Почему? Словно она не знала почему! Нестерпимый жар обжег мое лицо, я боялся, что Галя увидит это, и почти побежал вперед...
Мы сели на скамеечку недалеко от дома Паньковых, вернее, села она, а я стоял рядом, переминаясь с носка на пятку и разглядывая огоньки бакенов и фонарь на пароме, с которого доносился гомон человеческих голосов, сквозь него прорывался хрипловатый и хмельной, что было заметно даже на расстоянии, Кирюшин.
– Па-а-стар-нись! – кричал, смешно прыгая на своем деревянном костыле, Кирюша. – Куды, куды едешь, лопух твою зеленя, глаза разуй... А ну, давай, давай!..
Потом паром отчаливал, Кирюша, приставив мужиков тянуть трос деревянными, со специальными прорезями, колотушками, нырял в кубрик, отпивал глоток из бутылки, сворачивал самокрутку, и над рекой вновь летел его зычный голос:
– Па-а-стар-нись, тетеря, едят тя мухи!..
– Ты бы сел, Юр?.. А то как-то неприлично, я сижу, ты – стоишь...
Я сел на другой краешек скамейки, и Галя, вздохнув, спросила:
– Может, тебе домой надо?
– Отчего же, – охрипшим голосом произнес я.
– Ну как, может, родители волнуются, поздно уже.
– Мои?.. Это твои всегда волнуются...
– Да...
Галя села со мной рядом, теперь я чувствовал тепло ее тела.
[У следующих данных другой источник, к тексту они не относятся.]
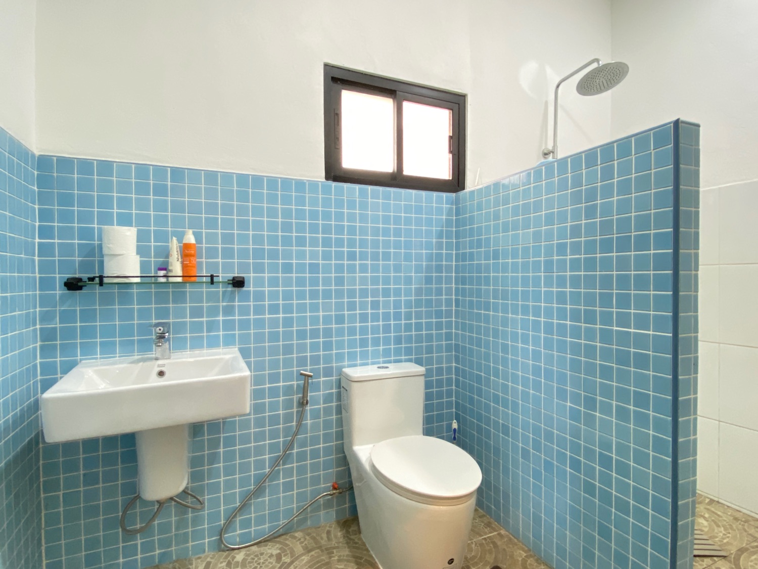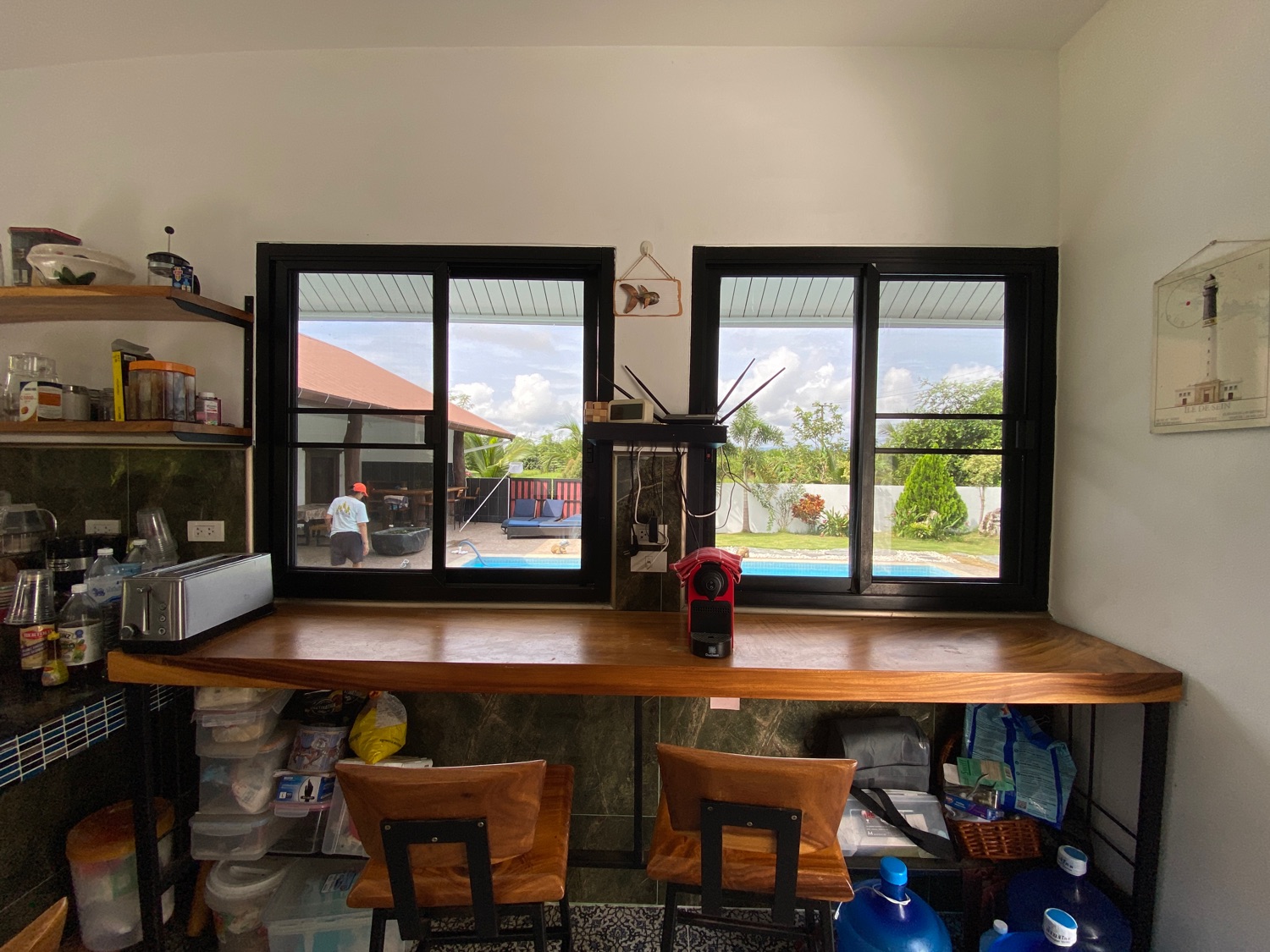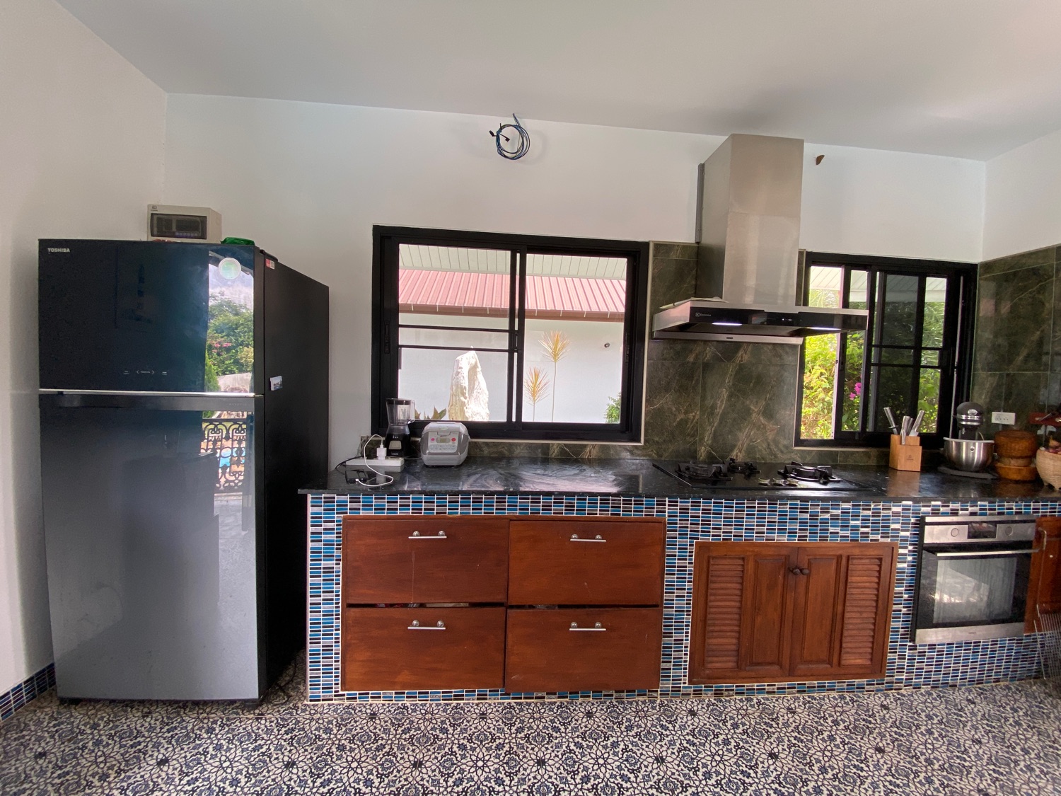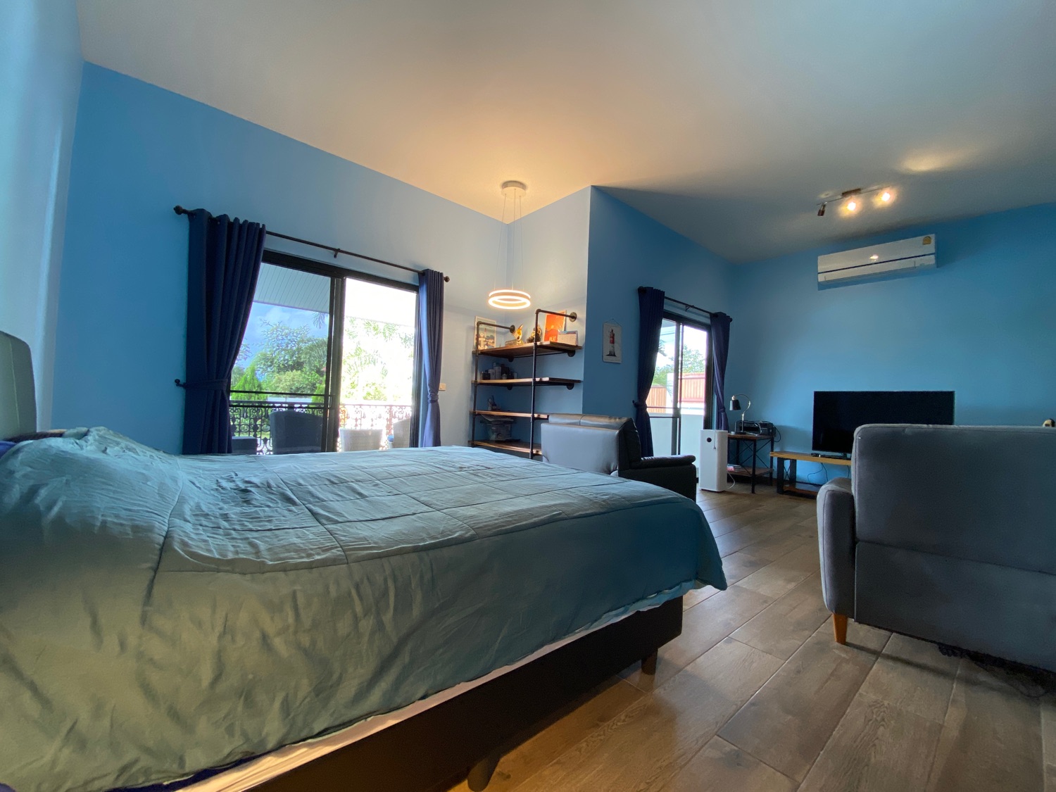 The over 5 rais property has road access and is situated in the countryside surrounded by orchards and rice paddy. The covered parking is by the entrance, then walking through the orchard towards the house there is a fish and lotus pond and then wheelchair access to the first building. The first bedroom is ensuite and has a sitting area and a spacious terrace. Next is a building containing a fitted Western kitchen with a built-in oven, breakfast bar and BBQ area by the pool. Then another building with a second bedroom which is also ensuite and comes with a terrace to sit and enjoy the mountain, pool and rice paddy views. The last building contains an ensuite third bedroom, a guest bathroom, a study, and a storage room which easily can be turned into a fourth bedroom.
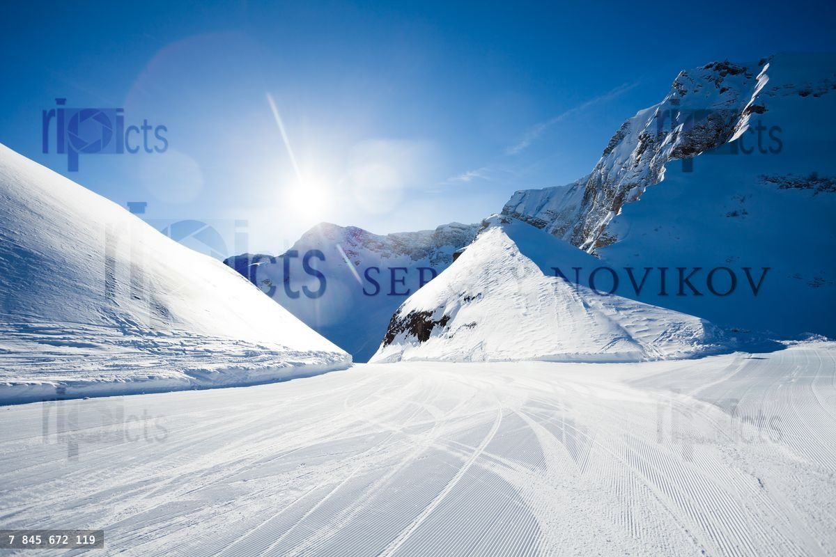 Beautiful winter ski-track near Caucasus mountains during daytime in Sochi ski resort Krasnaya polyanaLoading purchase options...
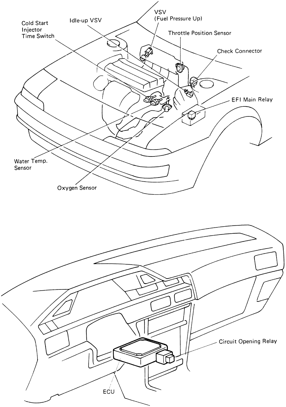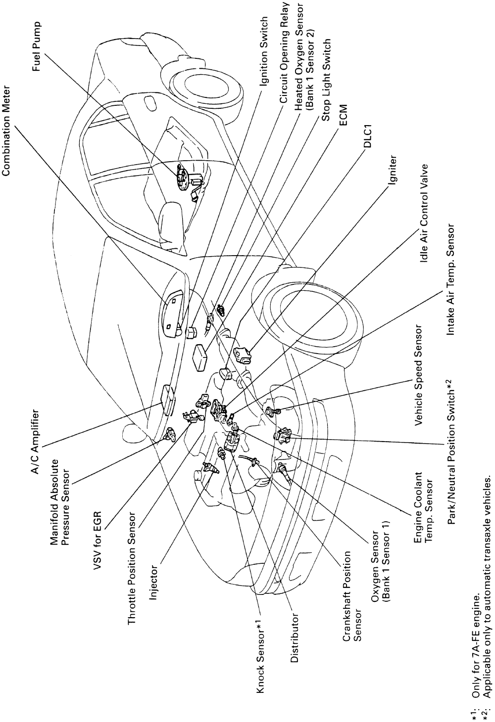 Fig. 3: Electronic engine components-1988-93 4A-FE and 7A-FE engines
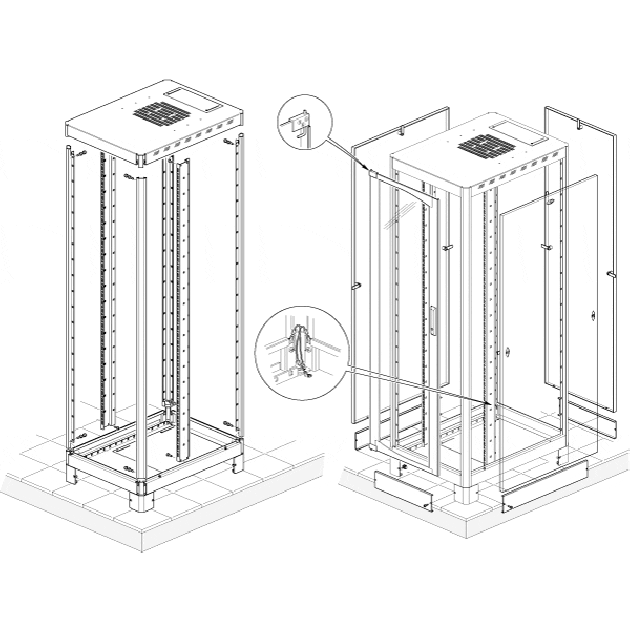 Solido armadio rack a pavimento caratterizzato da una struttura solida e robusta con montanti 19′ da 2 mm di spessore e angolari innovativi da 3 mm di spessore. Alla robustezza della struttura si unisce il design innovativo e moderno, che non trascura la praticità nell’installazione. Infatti, utilizzando una semplice chiave, l’armadio può essere montato e smontato facilmente, permettendo quindi di effettuare un’installazione veloce. Questa rapidità di montaggio è garantita dalle cerniere a sgancio rapido presenti sulla porta anteriore e dalle serrature presenti sui pannelli. Altre caratteristiche fondamentali come la porta reversibile, i pannelli laterali e posteriori amovibili, lo zoccolo con pannelli asportabili, la doppia coppia di montanti numerati, il fondo che a discrezione più essere mantenuto chiuso o aperto per favorire il ricircolo d’aria, rendono, insieme all’ampia gamma di accessori proposti, questi armadi in grado di soddisfare tutte le esigenze di installazione.Caratteristiche• Pannelli e porta facilmente smontabili per facilitare l’installazione delle apparecchiature• Porta anteriore reversibile con vetro temprato conforme alla normative EN UNI 12150-1, con cerniere a sgancio rapido e maniglia con serratura a chiave • Pannelli laterali e posteriore ciechi removibili con serratura a chiave • Tetto predisposto con foratura per sistema di ventilazione e provvisto di ingresso cavi • Fondo predisposto per ingresso cavi e dotato di sportello che chiuso permette di appoggiare apparati come UPS, aperto favorisce l’areazione • Completo di coppia di montanti numerati 19′ anteriori e posteriori• Completo di zoccolo cieco (h. 100 mm) con pannelli asportabili • Capacità di portata statica 500 kg, 220 kg su ruote • Grado di protezione IP20 secondo la norma EN 60529 • Colore: RAL7035 (Grigio) • Dimensioni esterne : (A x L x P) 1556 (1656 mm con zoccolo) x 600 x 600 mmCertificazioni• Certificazione CE secondo la norma EN 62208• Conformità a IEC297; IEC297-1; IEC297-2; IEC297-3; EN61439-1; EN60529; EN12150-1• Conformità alla norma UNI EN ISO 9001:2008
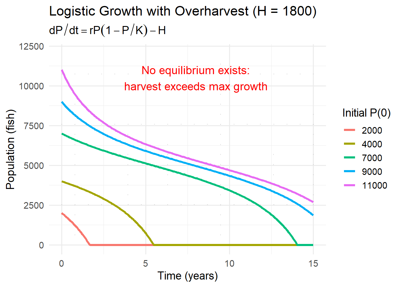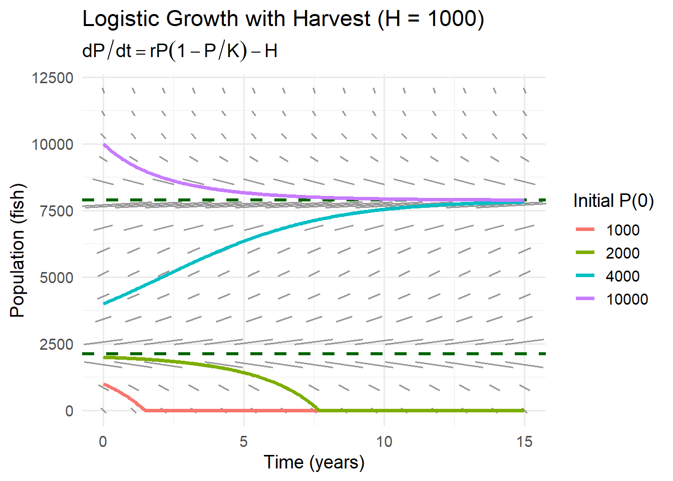 Overharvest: \(H>1500\). No equilibria. \(dP/dt<0\) for all \(P\).
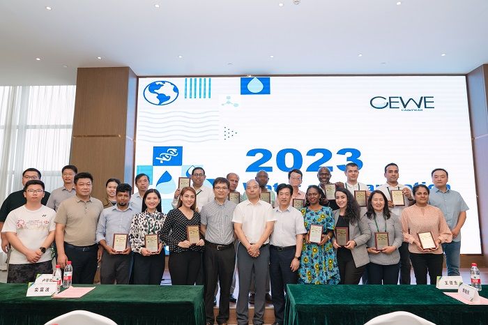 会后,王资生、李晓东、栾富波分别向国际学员颁发“2023年中国科学院-发展中国家科学院水与卫生培训班”结业证书,并合影。
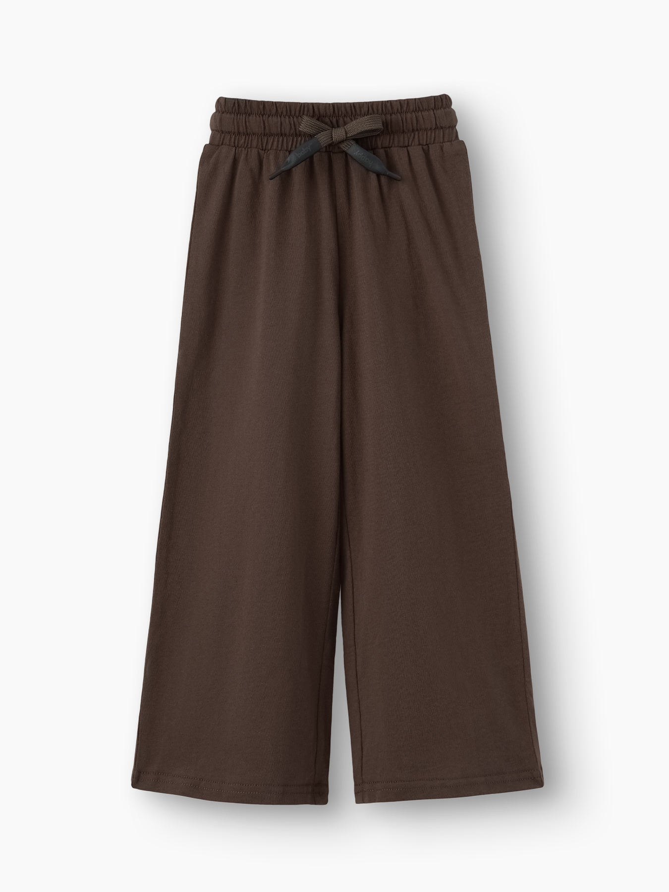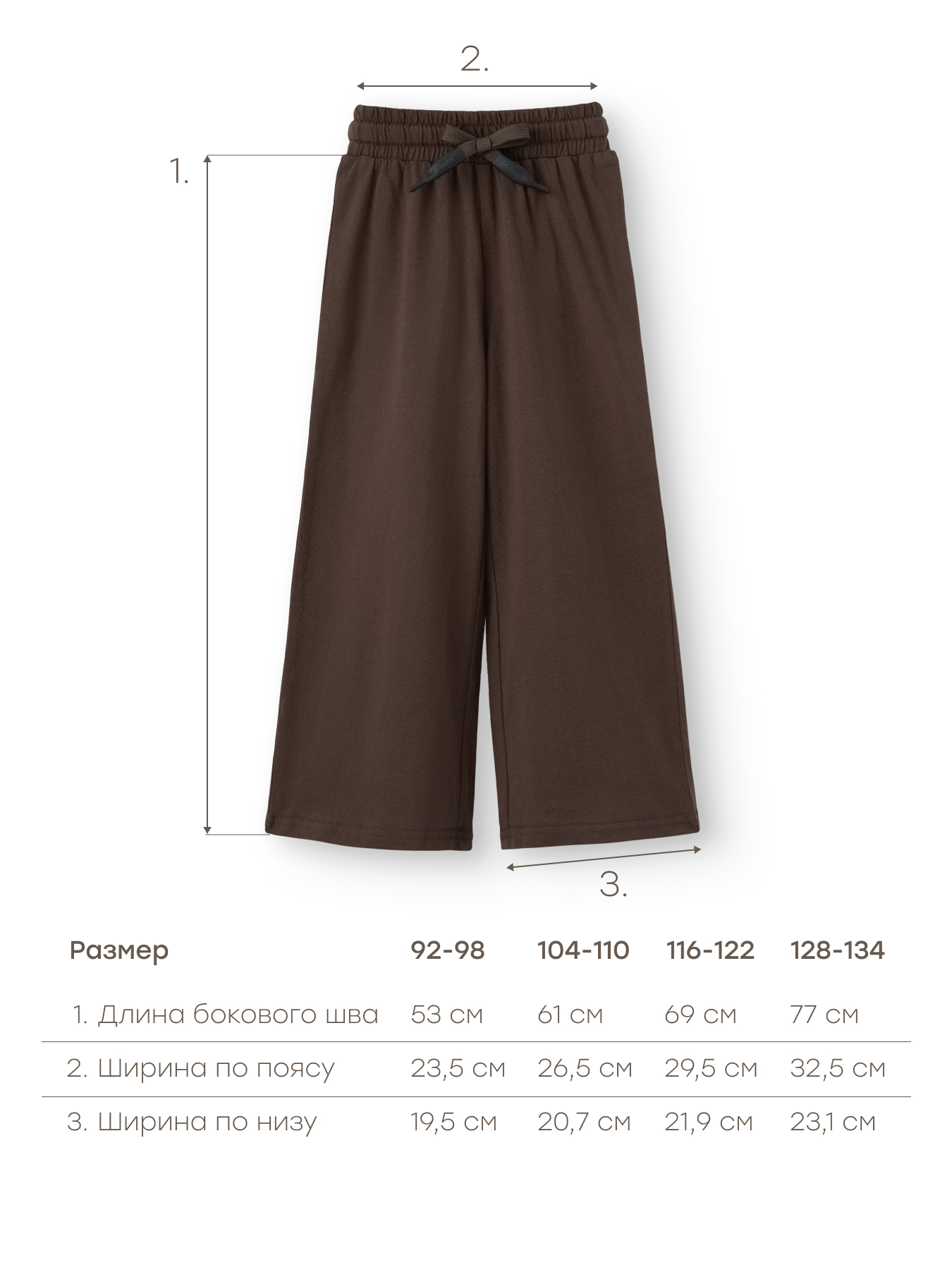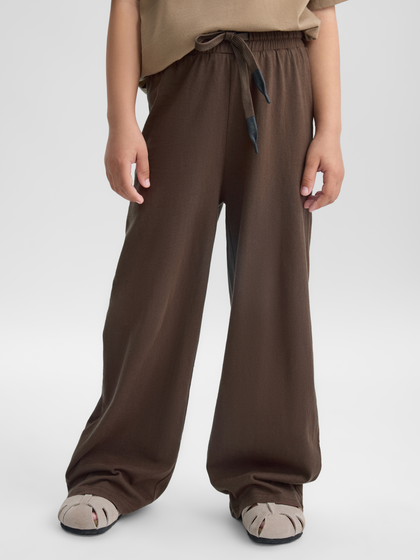 Трикотажные брюки — комфортный и стильный вариант на каждый день. Широкий крой обеспечивает свободу движений, а пояс на мягкой резинке с регулируемыми шнурками добавляет удобства. Шнурки украшены фирменными эглетами, что придаёт модели особый акцент. Карманы делают брюки практичными, а базовые цвета легко сочетаются с разными стилями. Отличный выбор для прогулок, дома или активного отдыха.

– Глупенький ты какой, Юрка. Глупенький и... хороший... – Она положила ладонь на мою руку, вцепившуюся в край скамейки, и я почувствовал, как сердце забилось в груди, как оно оторвалось и уплыло в эту ночь, в этот наполненный счастьем воздух, как вобрало оно в себя Галю и теперь светилось светом счастья.
...И все прекрасное бывает в нашем мире кратким, всегда только мигом, но память о нем длится годами, порой всю жизнь, и надо уметь продлевать эти мгновения, растягивать их, может быть, в ущерб плотности, в ущерб силе; именно от этого желания обмануть и обмануться по доброй воле я когда-то стал любить более мир собственных фантазий, чем собственно мир, и, все более увлекаясь этой игрой, не заметил, как она стала сутью моего существования. И такое постижение счастья казалось столь легким, что вскоре появилась сначала робкая, а потом все более назойливая мысль, – я должен поделиться обретенным, и в этом понимании тоже было короткое счастье, короткое, потому что оказалось: мое – это не обязательно каждого. И это мое должно было вобрать всех, кто встречался на моем пути, и это было трудно, и больно, и мучительно... как мучительна эта прогулка по улице моего детства, куда уже давно мне нет возврата и куда я тащу мой теперешний груз прожитых лет, хотя убеждаю себя, что возвращаюсь сюда другим...
Не помогли ни тетя Мотя, ни Прохорюк, ни слезные мольбы теть Зины на суде, и хотя все считали, что осудили Савелова-старшего неправильно, все же ему дали два года за то, что, проходя через город, не отправил никого на плот отгонять мальчишек и взрослых, не принял необходимых мер и тем самым стал «косвенным соучастником случившегося». Из тесного и темного здания суда его, стриженного под нулевку (отчего большие и красные уши казались приклеенными), увели два строгих милиционера, теть Зина плакала, прижимая к глазам концы косынки, хлопотала рядом тетя Мотя, и Прохорюк, в гражданском строгом костюме, успокаивал:
– Два года – это тьфу, эт ты и не заметишь... А он ничо, закон – это закон, ежели ко всем одним боком, то ко всем...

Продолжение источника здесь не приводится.